Summary: Nov. 18, 2016 discussion

Megan Greischar led a discussion on some of the literature concerning implicit bias. Here is her summary:

I discussed different ways implicit bias is tested for in published literature. Williams & Ceci 2011 PNAS find no consistent pattern when comparing the percentage of PhDs held by females and the percentage of female hires for tenure track positions and infer that there is no systematic bias, and we discussed when these percentages could be misleading (e.g., when departments are growing at different rates). Thomas et al. 2015 PLoS ONE instead model demographic changes in faculty numbers (rather than percentages) and concluding that both the hiring and retention processes must be equitable to achieve parity.

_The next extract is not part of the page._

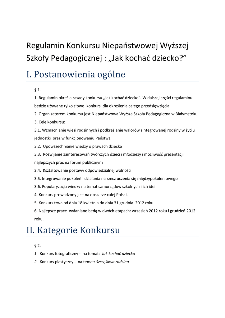Regulamin Konkursu Niepaństwowej Wyższej Szkoły Pedagogicznej : „Jak kochać dziecko?” I. Postanowienia ogólne § 1. 1. Regulamin określa zasady konkursu „Jak kochać dziecko”. W dalszej części regulaminu będzie używane tylko słowo konkurs dla określenia całego przedsięwzięcia. 2. Organizatorem konkursu jest Niepaństwowa Wyższa Szkoła Pedagogiczna w Białymstoku 3. Cele konkursu: 3.1. Wzmacnianie więzi rodzinnych i podkreślanie walorów zintegrowanej rodziny w życiu jednostki oraz w funkcjonowaniu Państwa 3.2. Upowszechnianie wiedzy o prawach dziecka 3.3. Rozwijanie zainteresowań twórczych dzieci i młodzieży i możliwość prezentacji najlepszych prac na forum publicznym 3.4. Kształtowanie postawy odpowiedzialnej wolności 3.5. Integrowanie pokoleń i działania na rzecz uczenia się międzypokoleniowego 3.6. Popularyzacja wiedzy na temat samorządów szkolnych i ich idei 4. Konkurs prowadzony jest na obszarze całej Polski. 5. Konkurs trwa od dnia 18 kwietnia do dnia 31 grudnia 2012 roku. 6. Najlepsze prace wyłaniane będą w dwóch etapach: wrzesień 2012 roku i grudzień 2012 roku. II. Kategorie Konkursu § 2. 1. Konkurs fotograficzny - na temat: Jak kochać dziecko 2. Konkurs plastyczny - na temat: Szczęśliwa rodzina 3. Konkurs na najlepszy reportaż, film lub esej - na tematy: Dekalog mądrego rodzica według nastolatka lub Samorząd szkolny dziś, jutro, pojutrze... II. Uczestnictwo w Konkursie § 3. 1. Konkurs fotograficzny - mieszkańcy Polski 2. Konkurs plastyczny - uczniowie szkół podstawowych 3. Konkurs na najlepszy reportaż, film lub esej – uczniowie gimnazjów, szkół zawodowych, liceów i techników III. Zasady Konkursu § 4. 1. Uczestnik musi wykonać pracę samodzielnie. 2. Konkurs fotograficzny 2.1. Uczestnik wykona zdjęcia rodzinne na temat: Jak kochać dziecko? 2.2. Na zdjęciu powinno być dziecko /-ci w dowolnym wieku z osobą/-ami z rodziny ukazujące wspólnie spędzany czas. 2.3. Każdy z autorów może nadesłać maksymalnie 5 fotografii. 2.4.Prace należy nadsyłać w formacie JPG o wymiarach 2048X1536 w plikach nie przekraczających 2MB jedynie pocztą elektroniczną na adres: [email protected] 2.5.Fotografie, na których będą się znajdować znaki, cyfry (np. daty) będą dyskwalifikowane. 3. Konkurs plastyczny 3.1. Uczestnik w ramach konkursu wykona jedną pracę na temat: Szczęśliwa rodzina. 3.2. Pracę należy wykonać w formacie A3. 3.3. Praca może zostać wykonana dowolną techniką. 3.4. Praca nie może być wykonana przy użyciu edytorów komputerowych. 4. Konkurs na najlepszy reportaż, film lub esej 4.1. Film, esej lub reportaż musi dotyczyć tematyki „Samorząd szkolny -dziś , jutro, pojutrze” lub „Dekalog mądrego rodzica według nastolatka”. 4.2. Reportaż może mieć dowolną formę artystyczną. 4.3. Esej lub reportaż /prasowy/ musi być napisany czcionką Times New Roman, wielkość czcionki 12. 4.4. Film i reportaż /radiowy, telewizyjny/, podpisany własnoręcznie esej i reportaż /prasowy/ należy przesłać ze zgłoszeniem na płycie CD na adres: Niepaństwowa Wyższa Szkoła Pedagogiczna w Białymstoku, Aleja Jana Pawła II 91 w Białymstoku 15 -703. § 5. 1. Uczestnikiem w konkursie fotograficznym jest ta osoba , która nadesłała kupon konkursowy i dostarczyła swoją pracę w wersji elektronicznej, na adres: [email protected] Niepaństwowa Wyższa Szkoła Pedagogiczna w Białymstoku, Aleja Jana Pawła II 91 w Białymstoku 15-703. 2. Uczestnikiem w konkursie plastycznym jest ta osoba , która dostarczyła swoją pracę z własnoręcznym podpisem i z wypełnionym kuponem konkursowym, na adres: Niepaństwowa Wyższa Szkoła Pedagogiczna w Białymstoku, Aleja Jana Pawła II 91 w Białymstoku 15-703 z dopiskiem Szczęśliwa rodzina. 3. Uczestnikiem w konkursie na najlepszy reportaż, film lub esej jest ta osoba , która dostarczyła swoją pracę z własnoręcznym podpisem i z wypełnionym kuponem konkursowym, na adres: Niepaństwowa Wyższa Szkoła Pedagogiczna w Białymstoku, Aleja Jana Pawła II 91 w Białymstoku 15-703 z dopiskiem Dekalog mądrego rodzica według nastolatka lub Samorząd szkolny dziś, jutro, pojutrze... 3. W konkursie nie będą uwzględniane zgłoszenia nie spełniające warunków określonych w niniejszym Regulaminie, w tym w przypadku: a) zgłoszenia przesłane po 31.12.2012 roku, b) przesłanie kuponu konkursowego wypełnionego nieczytelnie, nieprawidłowo lub niekompletnego, d) zgłoszenia tego samego uczestnika więcej niż jeden raz /poza konkursem fotograficznym, gdzie akceptujemy 5 zdjęć/ - jedna osoba może uczestniczyć jednocześnie w konkursie fotograficznym oraz w konkursie plastycznym lub w konkursie na najlepszy reportaż, film lub esej e) zgłoszenia na kuponie konkursowym więcej niż jednego uczestnika, f) zgłoszenia pracy w innym rozmiarze niż dopuszczony §6. Organizator nie ponosi odpowiedzialności za zgłoszenia zniszczone, niekompletne lub doręczone po terminie, o którym mowa w § 4 ust. 1. § 7. Jeżeli w toku trwania konkursu lub po jego zakończeniu okaże się, że uczestnik nie jest autorem nadesłanej pracy lub nie przysługują mu pełne autorskie prawa majątkowe do nadesłanej pracy, opiekun prawny uczestnika ponosić będzie odpowiedzialność za spowodowaną szkodę. IV. Zasady przyznawania nagród w konkursie § 8. 1. Prace konkursowe zostaną ocenione przez specjalnie powołaną Kapitułę złożoną z przedstawicieli świata nauki, kultury i sztuki. Przy ocenie prac ważne będą następujące kryteria: a) zgodność pracy z tematyką, b) inwencja i pomysłowość prezentacji tematyki, c) ogólne wrażenia estetyczne. 2. Najwyżej ocenione prace zostaną nagrodzone. 3. Nagrody rzeczowe w konkursie są ufundowane przez sponsorów. Nagrodom rzeczowym towarzyszyć będą listy gratulacyjne , wystawa prac zorganizowana na Rynku Tadeusza Kościuszki w Białymstoku, a następnie w innych miastach Polski, publikacja najciek

Moss-Racusin et al. 2012 PNAS sent identical CVs for a lab manager positions and found that both male and female faculty ranked male applicants as more competent, hireable, and deserving of mentorship than female candidates. Faculty believed they were ranking real candidates who wished to obtain feedback on their applications. Using a different approach, van Dijk et al. 2014 Current Biology examined the probability of becoming a principal investigator, finding that being male significantly increased the odds of becoming a PI given the same publication record.

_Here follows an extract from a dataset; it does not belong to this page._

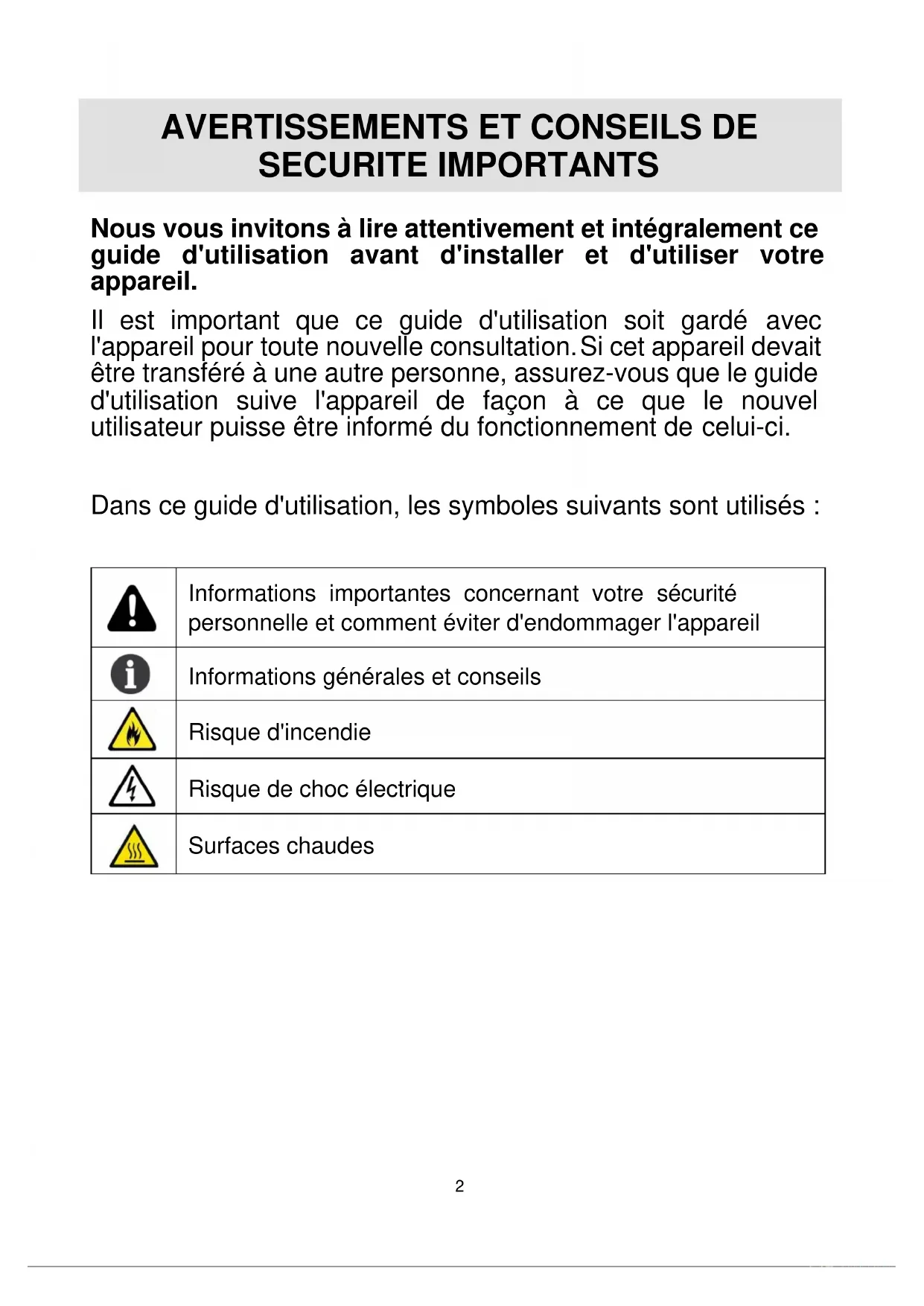 SECURITE IMPORTANTS3 Conseils de sécurité importants Avertissements Cet appareil doit être installé conformément à la réglementation en vigueur et utilisé seulement dans
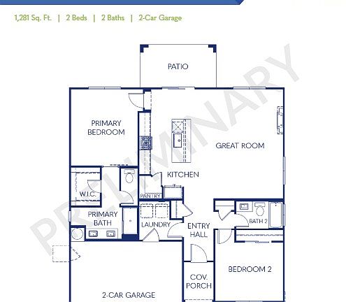 Plan 1281 is a charming single-level home with impressive curb appeal and a welcoming entrance. The kitchen seamlessly connects to the great room and dining area, showcasing a stylish center island and a generous walk-in pantry. The serene primary suite is separated from the secondary bedroom and includes a walk-in closet and a bathroom with double sinks. Covering 1,281 square feet and designed for optimal livability, it features a spacious laundry room and mudroom accessible upon entering from the garage. This home is ideal for first-time buyers or those looking to downsize, offering a perfect blend of comfort and convenience.

Williams & Ceci 2015 PNAS conclude that current faculty (male and female) show a 2:1 preference for hiring female candidates for tenure track positions. Their study differs from previous work in that the faculty knew they were judging hypothetical candidates (“Drs. X, Y and Z”). They were also unambiguously strong applications, which might be expected to reduce bias of research into racial bias (Ginther et al. 2011 Science). Williams & Ceci’s study design reduces bias from gendered language (and they do not examine the effect of gendered language in this study). Haynes & Sweedler 2015 Analytical Chemistry highlight these issues in their response to the Williams & Ceci study.

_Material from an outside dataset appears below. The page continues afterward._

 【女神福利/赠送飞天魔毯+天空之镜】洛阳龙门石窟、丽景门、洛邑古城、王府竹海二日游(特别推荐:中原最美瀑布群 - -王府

The subsequent discussion focused on how to detect and address bias. We explored a range of reasons why new hires might be perceived (or perceive themselves) to be less qualified than other candidates. The problem of perceived differences in quality may be especially severe for spousal hires and individuals hired as part of explicit efforts to increase diversity, even when those hires are clearly productive and influential scientists in their own right. We discussed how to deal with those perceived differences.